Is the World Prepared for Pandemic?
As new viruses emerge in China and the Middle East, the world is poorly prepared for a global pandemic
IN FEBRUARY an 87-year-old man was admitted to hospital in Shanghai. What started as a cough progressed to a fever. One week later, unable to breathe and with his brain inflamed, he died. Shortly afterwards, a 27-year-old pork butcher was admitted to the same hospital with similar symptoms. He died too, within a week. A 35-year-old housewife who went to hospital in Anhui on March 19th lasted only slightly longer. On March 31st officials confirmed these were the first three cases of a strain of influenza, H7N9, that had never before been seen in humans.
The government responded quickly—a far cry from its reaction, ten years ago, to a similar cluster of cases in Guangdong. That infection turned out to be SARS (severe acute respiratory syndrome). At first, officials tried to hide that disease. The deceit served to ensure its spread and it went on to kill nearly 800 people. Much has changed in the past decade. This time officials quickly posted H7N9’s genetic sequence, then published a detailed report in the New England Journal of Medicine.
Even so, H7N9 has infected at least 82 people and killed 17 of them. The virus’s path of transmission is not well understood. The recent detection of H7N9 in a boy with no apparent symptoms suggests people can carry the virus unwittingly. Meanwhile a new coronavirus (the family of viruses that SARS belongs to) is circulating in the Middle East. It has killed 11 people since it was noticed in September. Though Saudi Arabia has welcomed some foreign investigators, other scientists claim the country should be more transparent.
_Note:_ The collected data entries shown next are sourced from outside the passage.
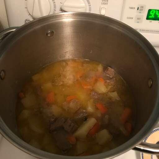 - Add potatoes, carrots, and celery; simmer for 1 1/2 more hours.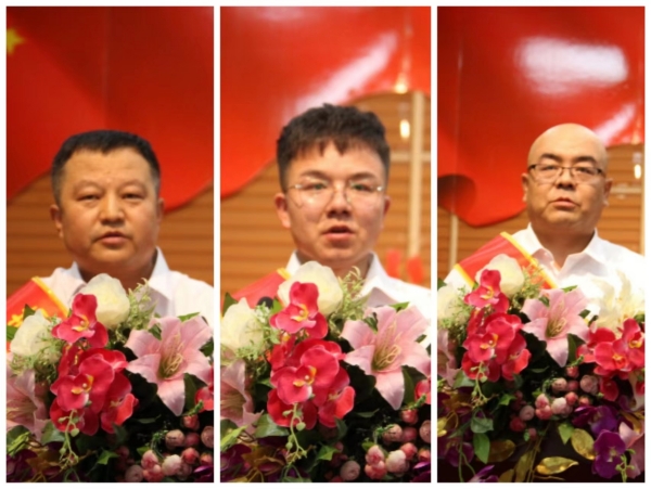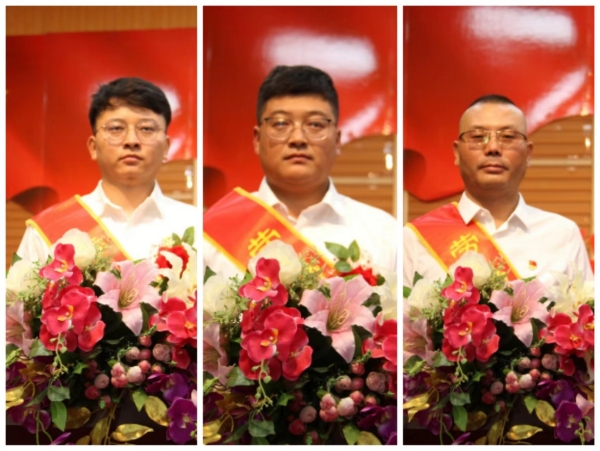 勞動(dòng)模范:左:資源循環(huán)公司 席文童;中:廣拓能源公司 麻玉龍;右:炔烴節(jié)能公司 金學(xué)鋒
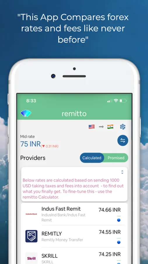 Remitto app provides in-depth detail and comparison of forex rates and fees. Forex companies and banks often make money by either marking down exchange rates from actual mid-market rates or by attaching additional fees to the transaction.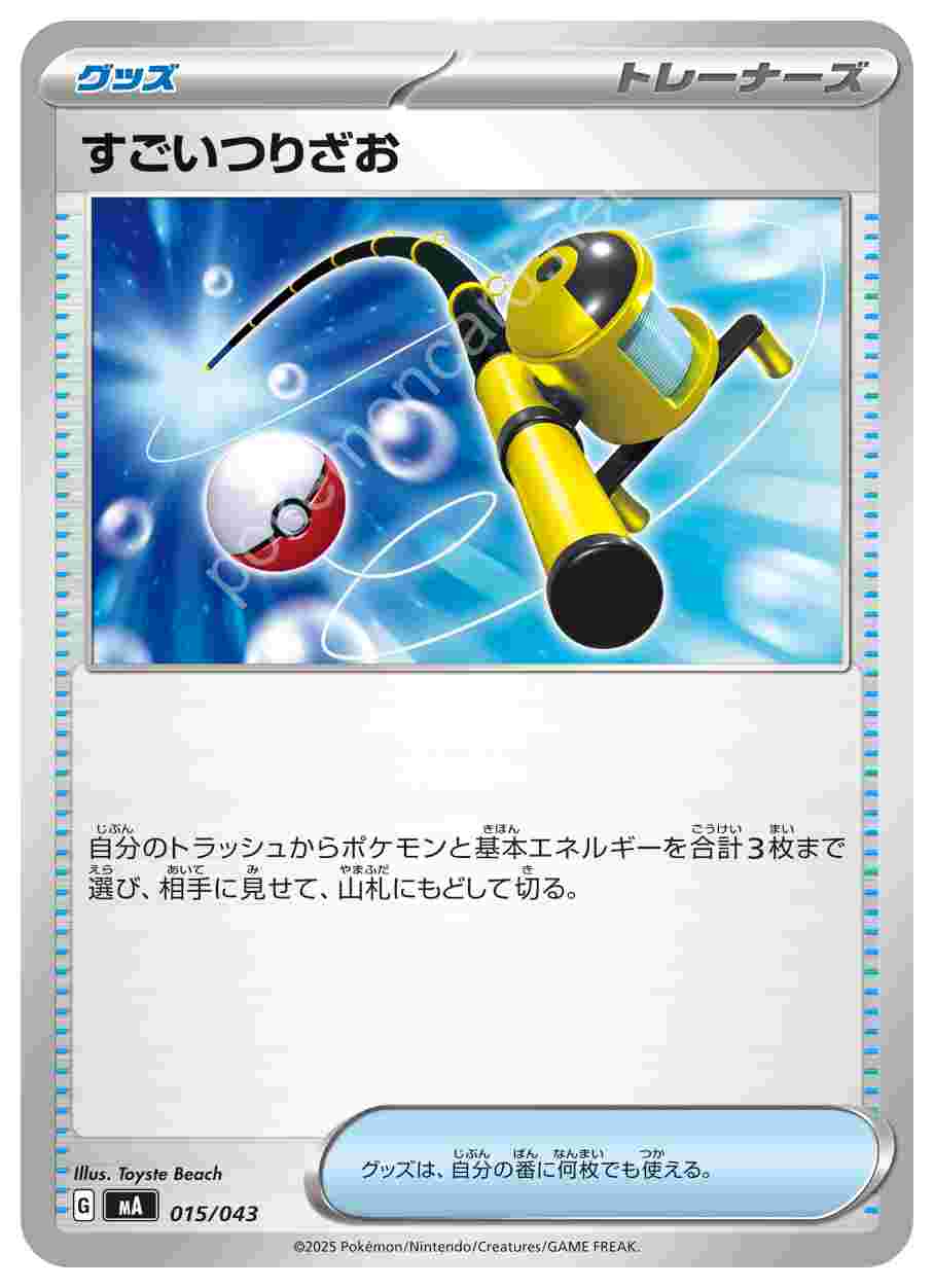 ![]() | すごいつりざお | グッズ | 自分のトラッシュからポケモンと基本エネルギーを合計3枚まで選び、相手に見せて、山札にもどして切る。グッズは、自分の番に何枚でも使える。 | プレミアムトレーナーボックスMEGA | ★★★ | 015/043 |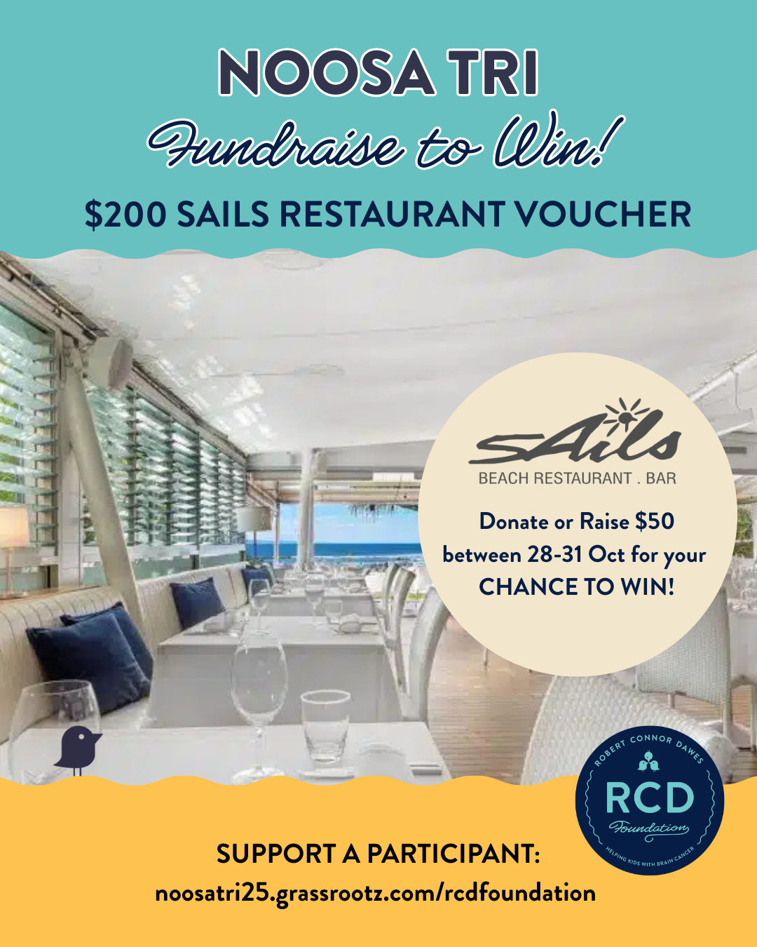 Donate, raise or purchase raffle tickets totalling $50+ between Oct 28–30 and go in the draw to win a $200 Sails Restaurant voucher!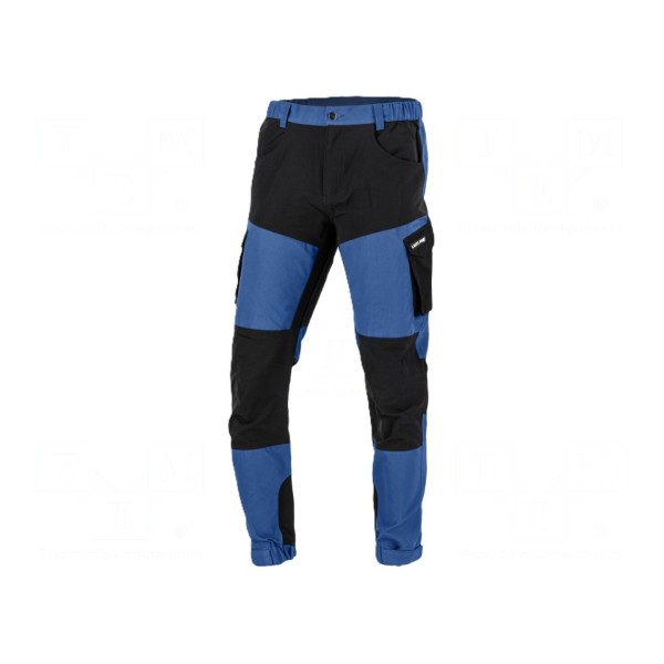 Spodnie robocze wykonane z połączenia bawełny, elastanu, nylonu oraz poliestru charakteryzują się gramaturą materiału 240g/m². Produkt utrzymany jest w kolorystyce niebiesko-czarnej i przeznaczony dla użytkowników o rozmiarze L (wzrost 179 cm, obwód w pasie 92-98 cm).
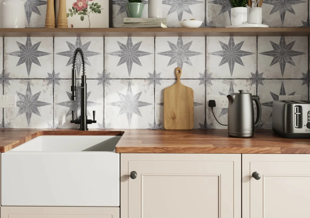- Desenli fayansları düz renk dolaplarla kombinlemek, görsel denge sağlar ve alanın karmaşık görünmesini önler.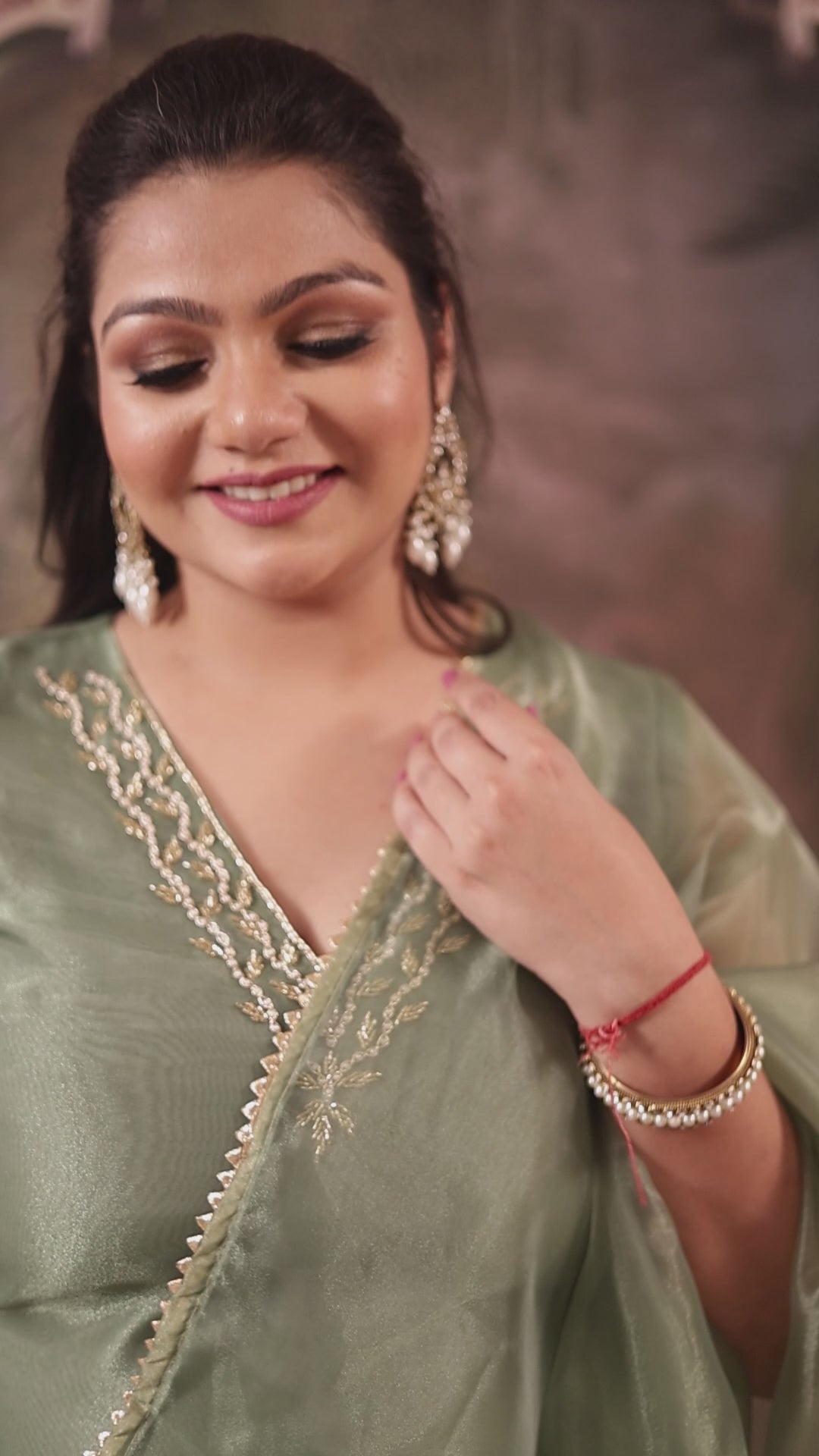 Drape yourself in elegance with this Soft Sage Green Unstitch Suit Set, a stunning blend of intricate craftsmanship and luxurious design. The kurta, made from premium Organza Tissue, is adorned with handcrafted heavy Gota Patti and pearl work, exuding traditional charm and sophistication. Paired with a matching Soft Sage Green Organza Tissue dupatta featuring exquisite Heavy Rajasthani Gota work and a soft Santoon bottom, this ensemble is perfect for weddings, festive occasions, and grand celebrations.

These cases illustrate both how far the world has come, and how far it still has to travel, on the journey towards building a system that can identify new infectious diseases and snuff them out before they become threatening. As the case of AIDS shows, a novel pathogen that spreads around the world unnoticed by the medical authorities can wreak havoc. More recently, cheap air travel has proved a boon to pathogens keen for a global tour. Fortunately the world has learned from the cases of SARS, H5N1 bird flu (in 2005) and H1N1 swine flu (in 2009). Systems are being put in place to spot potentially pandemic diseases and stop them quickly. These systems, though, are still piecemeal. At present it looks unlikely that either H7N9 or the new coronavirus will become pandemic. But if they do—or if some other powerful new virus or bacterium emerges—it is unclear whether the world will be ready.